Give a $2\times2$ real matrix, without zero elements satisfying following equations

Question

A $2\times2$ real matrix without zero elements named $A$, $B$, $C$ and $D$ that satisfies following equations:

• $A^2 = -I$
  
• $B^2 = 0$
• $CD = -DC$ with $CD\neq0$
  
  I couldn't come up with any thing, Can you?

Answer 1

$\newcommand{\m}[1]{\begin{bmatrix} #1\end{bmatrix}}$

For all three questions one can give a "conceptual" solution, that is a solution with an explanation of why it should work, as opposed to just solving a bunch of equations, except for the "non-zero entries" part. In each case it seems incredibly likely that the solution can be modified to one with non-zero entries by conjugating with a generic invertible matrix.

For $A^2=-I$: In the plane, multiplying a vector by $-1$ is the same as rotating it through an angle $\pi$, which in turn is the same as rotating through an angle $\pi/2$ twice. So: Let $A_\theta=\m{\cos(\theta)&-\sin(\theta)\\\sin(\theta)&\cos(\theta)}$. Then $A_{\pi/2}^2=A_\pi=-I$, but $A_{\pi/2}$ has zero entries. Let $A=PA_{\pi/2}P^{-1}$ for a "random" invertible matrix $P$; if that doesn't work try a different $P$.

(Note I don't think that saying "keep trying til you find a $P$ that works" really negates my claim to be avoiding random diddling around here, because, not that I've proved it, it seems clear that "almost every" $P$ in any of various senses should work.)

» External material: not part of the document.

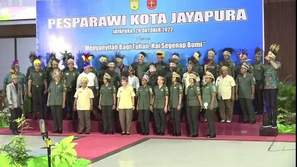 Jayapura, “Tabloidnusantara.com” – Selain turut menyukseskan kegiatan Pesta Paduan Suara Gerejawi (PESPARAWI) Kota Jayapura, Kodam XVII/Cenderawasih turut ambil bagian dalam perlombaan Paduan Suara Dewasa Campuran Antar Jemaat (Gereja) dan Instansi/TNI Polri/BUMN, bertempat di gedung Gereja GKI Calvaria Angkasa Jayapura, Jumat (28/10/2022).

FOr $B^2=0$: Both eigenvalues of $B$ must be $0$. The obvious example of a non-zero matrix with eigenvalues $\lambda=0,0$ is $\m{0&1\\0&0}$. This time I actually verified that if $B=P\m{0&1\\0&0}P^{-1}$ where $P=\m{1&1\\1&2}$ then indeed $B$ has no zero entries.

For $CD=-DC\ne0$: Hmm. If $C$ happens to be invertible this says that $-D$ is similar to $D$, hence $D$ and $-D$ have the same eigenvalues. So the obvious candidate is $D=\m{1&0\\0&-1}$.

Now you think about this, and you realize that for that particular $D$ you can obtain $-D$ from $D$ by swapping the rows and then swapping the columns. Or to put the same thing in terms of concepts instead of calculations: If $D$ is the mmatrix for a linear transfomation with respect to the ordered basis $(b_1,b_2)$, then $-D$ is the matrix for the same transformation with respect to the basis $(b_2,b_1)$; so the "similarizer" should be the map $x\to(x_2,x_1)$. Sure enough, if $C=\m{0&1\\1&0}$ then $CD=-DC\ne0$. So if $P$ is a generic invertible matrix then $D'=PDP^{-1}$, $C'=PCP^{-1}$ should work.

Answer 2

We have $$A=\begin{pmatrix}a&b\\c&d\end{pmatrix}\implies A^2=\begin{pmatrix}a^2+bc&b(a+d)\\c(a+d)&d^2+bc\end{pmatrix}=\begin{pmatrix}-1&0\\0&-1\end{pmatrix}$$ Notice that $$a^2+bc=d^2+bc\implies a^2=d^2$$ and you should now hopefully be able to do the rest.